İşçi Sınıfının Uluslararası Birlik, Mücadele ve Dayanışma Günü 1 Mayıs Türkiye’nin dört bir yanında coşkuyla kutlandı. İstanbul’da 1 Mayıs mitinginin adresi Bakırköy Halk Pazarı idi. DİSK, KESK, TMMOB ve TTB’nin çağrısıyla düzenlenen mitinge çok sayıda siyasi parti ve demokratik kitle örgütü katıldı. On binlerce kişinin toplandığı alanda iktidarın işçi ve emekçi düşmanı politikalarına, baskı ve yasaklara yönelik öfke öne çıktı.
1 Mayıs’a katılmak üzere sabahın erken saatlerinden itibaren yola çıkan işçi ve emekçiler, Marmara Forum, Dikilitaş ve E5 İncirli olmak üzere üç ayrı noktada toplandı. DİSK’e bağlı sendikalar, UİD-DER’in de yer aldığı Marmara Forum önünde bir araya geldi.
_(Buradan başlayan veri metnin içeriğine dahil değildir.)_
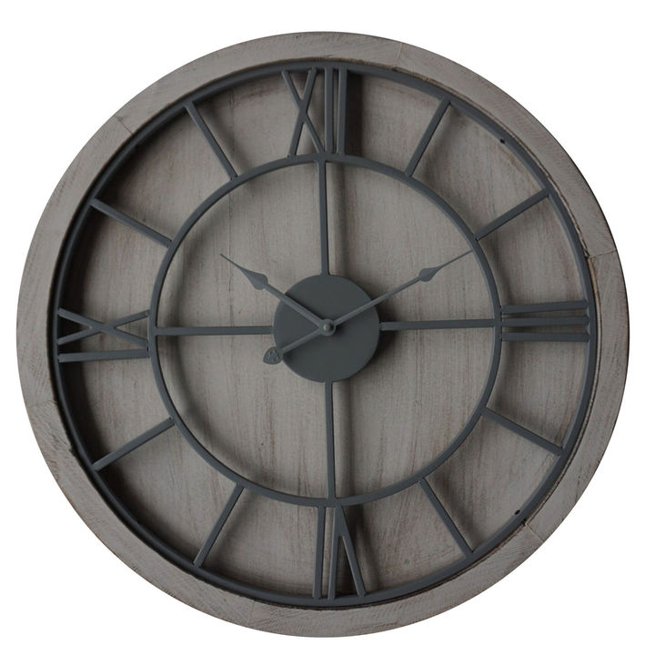 This is the Williston White Wall Clock. An eye-catching round wall clock which will fit with a variety of decor schemes. The light grey metal roman numerals and movement gains great stand-out against its white washed wood surround. Supplied with hook for wall mounting already attached to the frame, this timepiece will be simple to hang and immediately enjoy. Add 1 x AA battery to start the clock mechanism. Material: METAL Colour: WHITE Delivery Size: Small Weight: 2.9500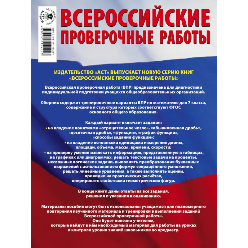 Данное пособие предназначено для учащихся 7-х классов общеобразовательных организаций. Оно позволяет в кратчайшие сроки проверить свои знания, потренироваться в выполнении заданий и тем самым успешно подготовиться к выполнению Всероссийской проверочной работы по математике по итогам обучения в 7-м классе. Пособие содержит 15 тренировочных вариантов проверочных работ. Содержание проверочной работы соответствует Федеральному государственному образовательному стандарту основного общего образования. Каждый вариант составлен в полном соответствии с демонстрационным вариантом, представленном на информационных порталах по Всероссийским проверочным работам. В конце книги даны ответы на все задания, решения и указания к оцениванию. Материалы пособия будут полезны учителям, которые найдут в нём материал для работы на уроках и контроля уровня знаний школьников по предмету.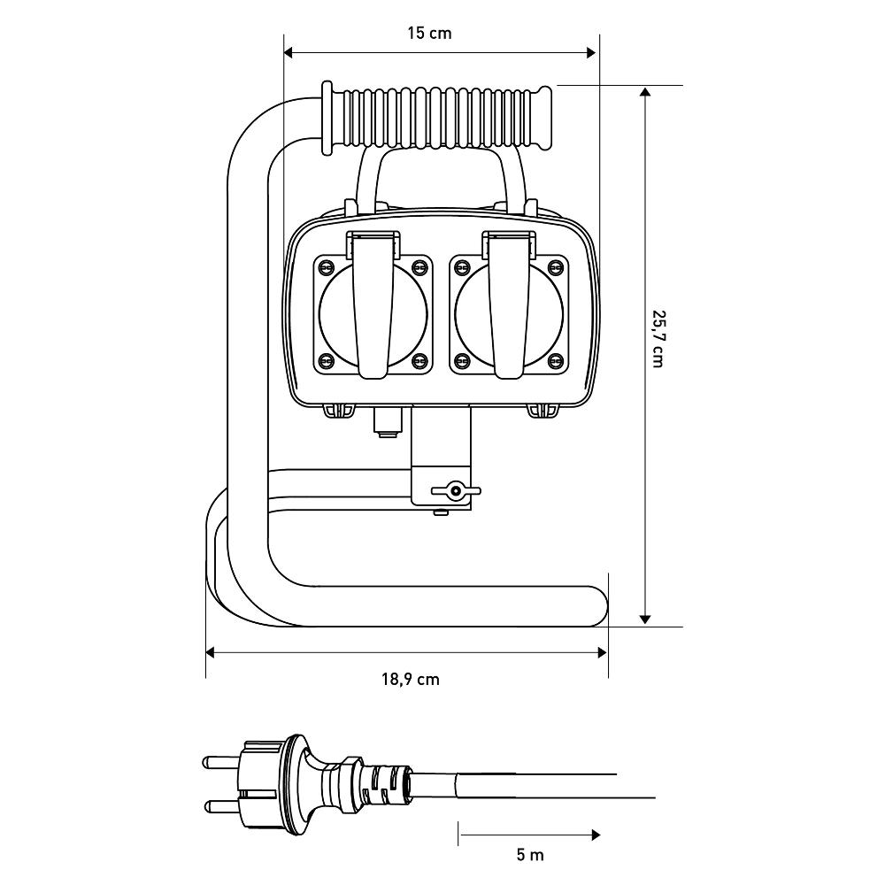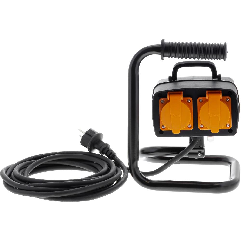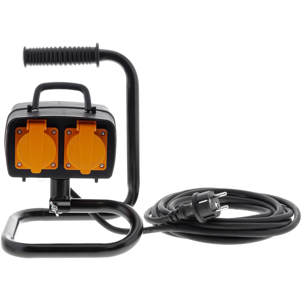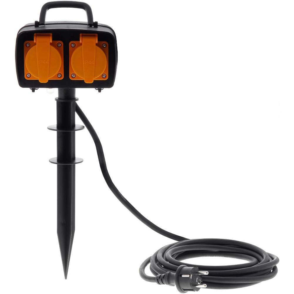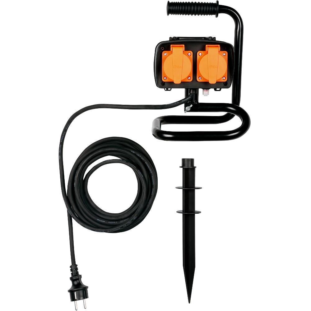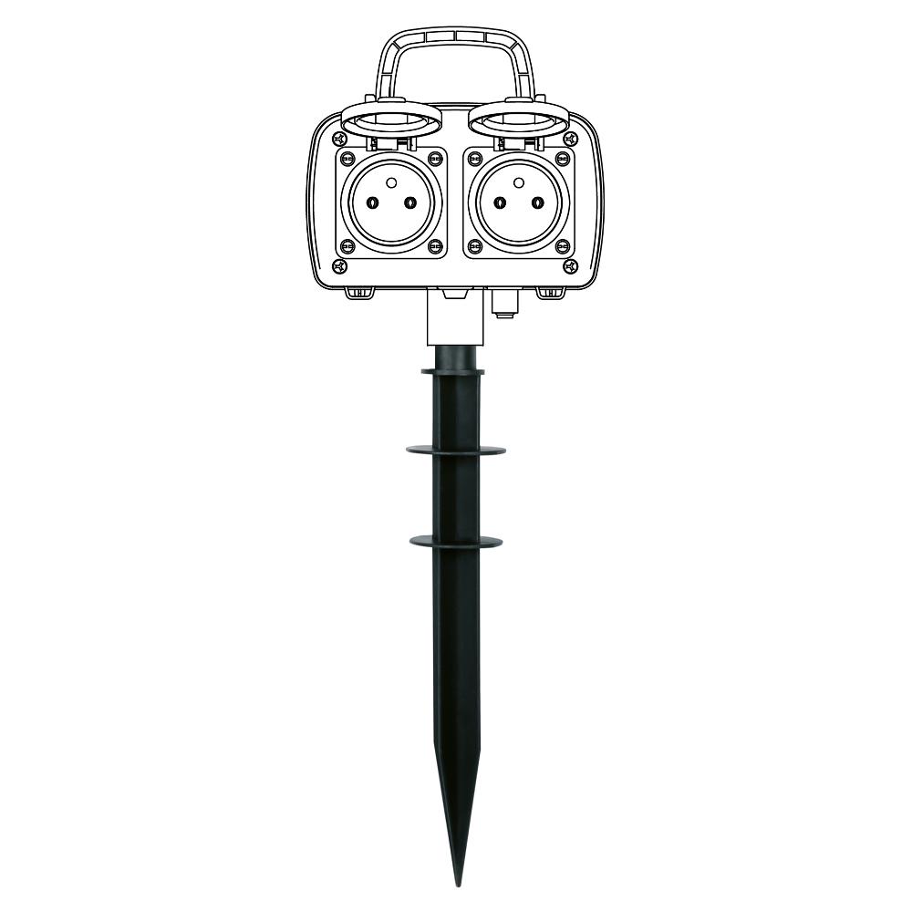 Vonkajšia štvornásobná zásuvka na kovovom stojane a výmenným zapichovacím plastovým tŕňom, IP44, vratná poistka, 3x1,5mm2, max. 16A / 3680W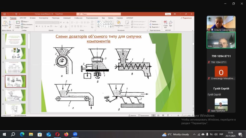 25 листопада 2025 року доцент кафедри технологічного обладнання та комп’ютерних технологій проєктування Національного університету харчових технологій Іван Миколів для здобувачів освіти електромеханічного відділення коледжу презентував гостьову лекцію на тему: «Обладнання для дозування сипучих, рідких та в‘язких матеріалів».
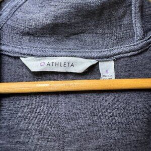This is a women's Athleta hooded cardigan sweater in size Small, featuring a solid gray color with raglan sleeves and an open front design. Made of polyester and spandex, it offers a comfortable fit. The cardigan is perfect for adding a layer of warmth and style to your outfit.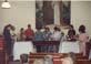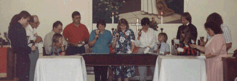 The grandchildren, spouses and greatgrandchildren playing the handbells in church dedicated in memory of Herman and Lydia Freese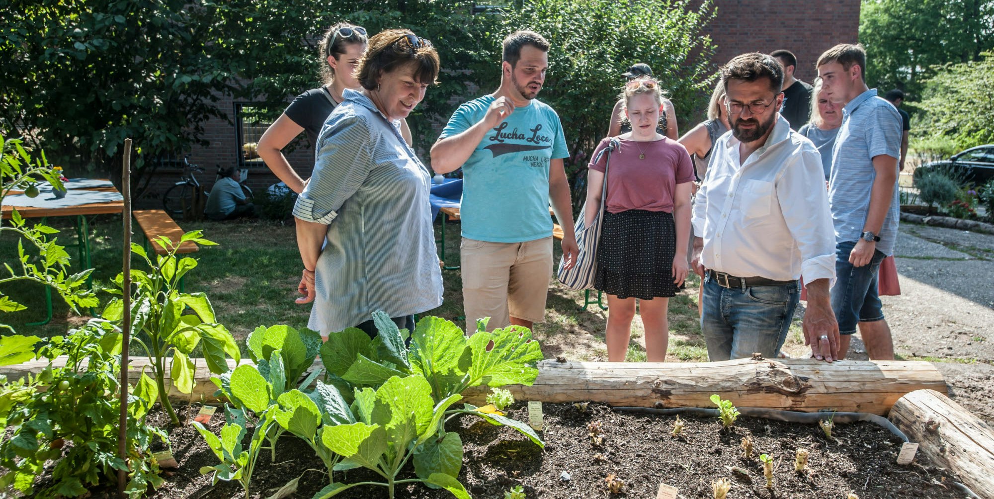 Was gedeiht im Hochbeet? Eva Lux (links) und Thomas Kutschaty (Zweiter von rechts) machen sich schlau.

Her üç kolda da çok sayıda meslek örgütü, siyasi parti ve demokratik kitle örgütü yer aldı. Sendika kortejleri dışındaki tüm kortejlerde kadınların yoğun katılımı belirgin biçimde dikkat çekti. Emekçi kadınlar taleplerini yansıtan döviz ve sloganlarla tüm kortejlere canlılık kattılar. Aynı şekilde okullarından, üniversitelerinden, işyerlerinden gençler de 1 Mayıs’a coşku kattılar.
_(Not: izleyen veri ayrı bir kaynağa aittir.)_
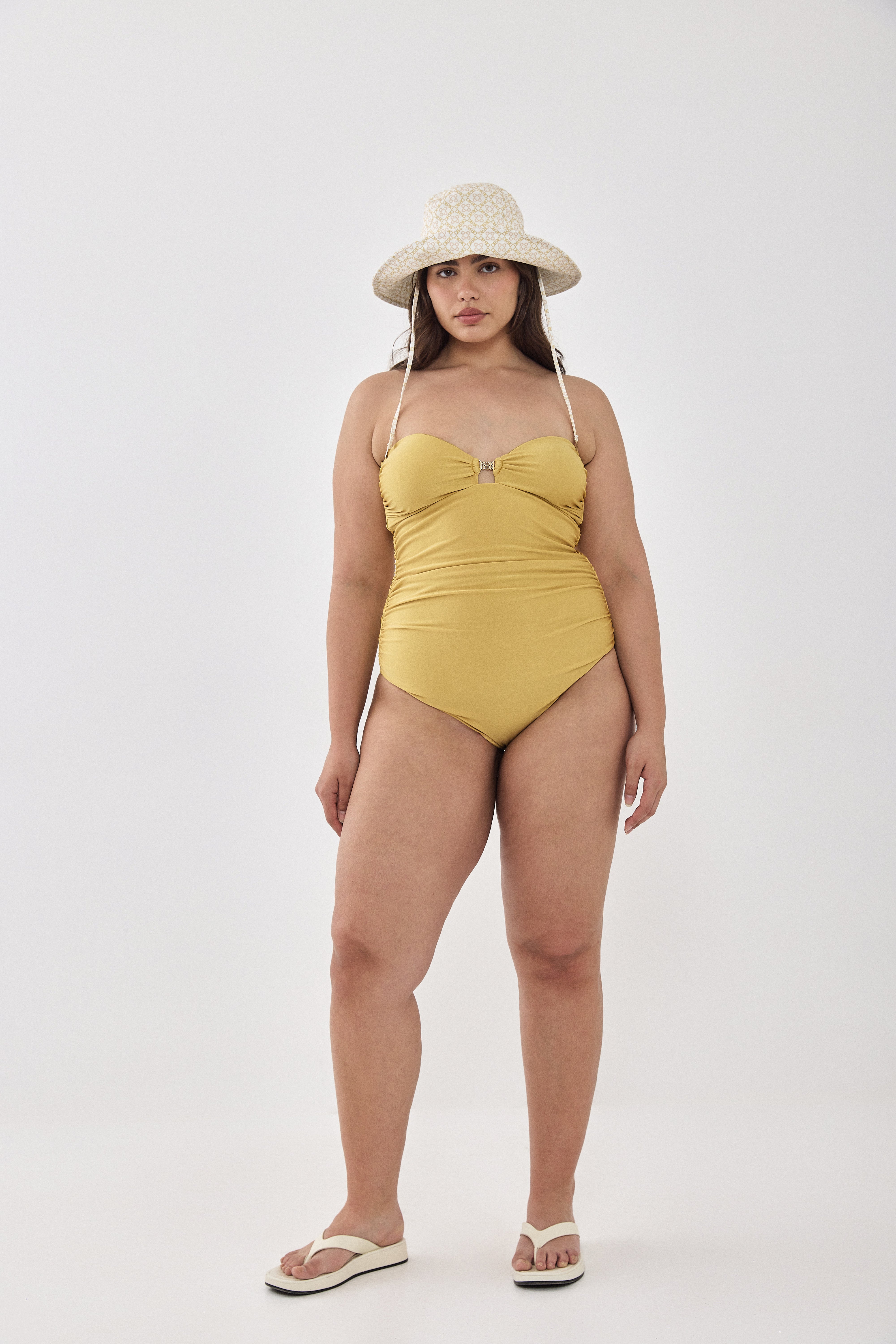 One of our chicest one pieces this collection. Strapless. Made from luxurious soft Italian fabric that is ultra flattering and body hugging. Gorgeous shiny fabric. Featuring a centered golden logo buckle detail. Double lined. Wiring at the sides for extra support. Gathering detailing along the side seams. Gathering detailing at the top center. Internal silicone band along the top part for extra grip and support. Seamless at the top. Mid rise leg opening. Style it with your favorite summer scarf, aviator sunnies and a pair of slides for the perfect summer look that will have you feeling like you're at the Italian Riveria.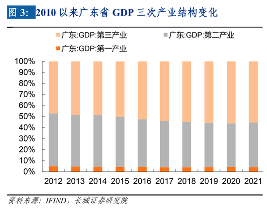 2021年广东三次产业占比为4.0:40.4:55.6,相比于全国的7.3:39.4:53.3,三产占比明显较高,并且广东第三产业占GDP 比重逐年上升,从 2012 年的 44.33%升至 2021 年的55.6%,其中2020年占比更是高达56.5%,对GDP增长贡献率达59.9%,显示广东有效应对新冠疫情的冲击。广东省大力推动在线教育、远程办公、快递+直播带货等新产业、新业态,使得服务业发展步伐迅速加快。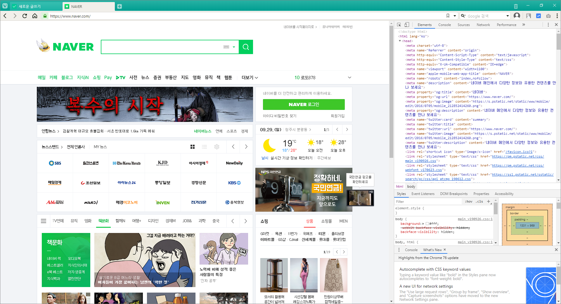 우리는 간단한 방법을 사용하여 현재 여러분이 있는 페이지의 HTML을 잠깐 들여다 볼 수 있습니다.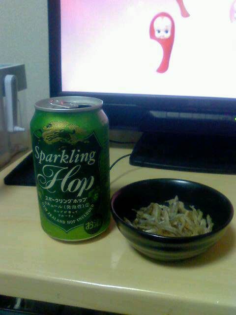 えびせんべいに、ホッピーストレート。アルコール0.8%。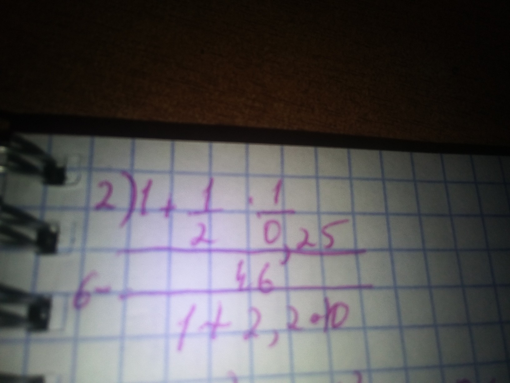 1) 1/2 x 1/0.25 = 1/0.5 2) 1 + 1/0.5 = 1 + 2 = 3 3) 2.2 х 10 = 22 4) 1 + 22 = 23 5) 46/23 = 2 6) 6 - 2 = 4 7) 3/4 = 75/100 = 0,75 Ответ: 0,75

İşçi kortejlerinde hükümetin işçi düşmanı politikalarına, “reform” adı altında hayata geçirilmek istenen saldırılara karşı öfkeli sloganlar haykırıldı. İşyeri pankartlarıyla 1 Mayıs’a katılan Birleşik Metal-İş üyesi metal işçileri, Kıdem Tazminatımızı Gasp Ettirmeyeceğiz pankartı ve Vergi Adaleti İstiyoruz, Yaşa Taktığınız Emeklilik Hakkımızı İstiyoruz, Herkese İş Güvencesi, Herkese Sendika, Zorunlu BES’e Hayır, Sendikal Barajlar Kaldırılsın gibi dövizler taşıdı. Lastik-İş sendikası üyesi işçilerse sık sık “Dünya Yerinden Oynar İşçiler Birlik Olsa” sloganını attı. Mitinge yoğun katılım gösteren CHP’nin kortejinde “İş, Ekmek, Hürriyet, İşsizliğe Son” gibi slogan ve dövizler dikkat çekerken, aynı şekilde kalabalık olan HDP kortejinde ise siyasi baskılara yönelik öfke dile getirildi. EYT’liler 1 Mayıs’ta da gasp edilen emeklilik haklarını istedi. Sinema emekçileri, iş cinayetleri karşısında adalet arayan işçi aileleri, Çorlu tren kazası katliamında hayatını kaybedenlerin aileleri, KHK ile işten atılanlar, kapitalizme öfkeli anti-kapitalist Müslümanlar, Aleviler, yöre derneklerinde örgütlü emekçiler ve daha pek çok kesimden insan 1 Mayıs’ta işçi sınıfının kardeşlik bayrağı altında toplandı.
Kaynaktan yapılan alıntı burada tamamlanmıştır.